Today’s interview is with Avi Kejriwal, Data Scientist at Uncountable.

Employee profile: Avi Kejriwal — Data Scientist

UNC: Can you introduce yourself? What did you do before joining Uncountable?

Avi: Of course! My name is Avi, and I’m a member of the data science and engineering team here at Uncountable. A lot of my previous experience has been in the hardware space, physically assembling computers and servers, doing a lot of electronics testing. And I think what separates Uncountable from a lot of the other places that I’ve seen in the software space is [an atmosphere of] being surrounded by a lot of smart and driven people.

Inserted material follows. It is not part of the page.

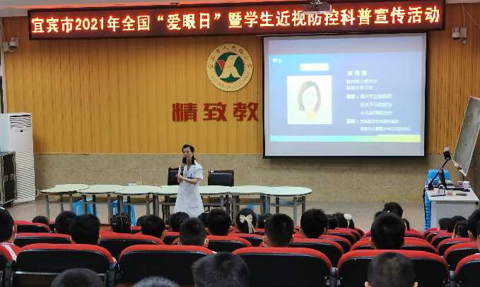 宜宾市疾控卫生监测科科长张念军介绍了宜宾市儿童、青少年近视监测情况,宜宾爱尔优视眼科医院眼视光科刘秀丽主任系统全面介绍了“近视形成的原理、主要危害及防控策略”,翠屏区疾控中心通过师生互动答疑等环节,系统深入地普及学生近视防控相关知识。

One of my philosophies is that if you’re the smartest person in the room, then you’re in the wrong room. And at Uncountable, I feel like there’s a lot to learn from everyone in the company. It’s very small [team], but [we are] also very driven.

UNC: What stands out to you about the work Uncountable does?

Avi: I think one thing that stands out is the scope of our work. At Uncountable, we work all over the R&D space, and I get to learn about how all kinds of materials across the world are designed: things like rubbers, adhesives, glass, food, the list goes on. And occasionally, we might get samples from materials that we helped design, which makes me excited about some of the prospects and materials I get to learn about.

UNC: What do you do on a day-to-day basis at Uncountable?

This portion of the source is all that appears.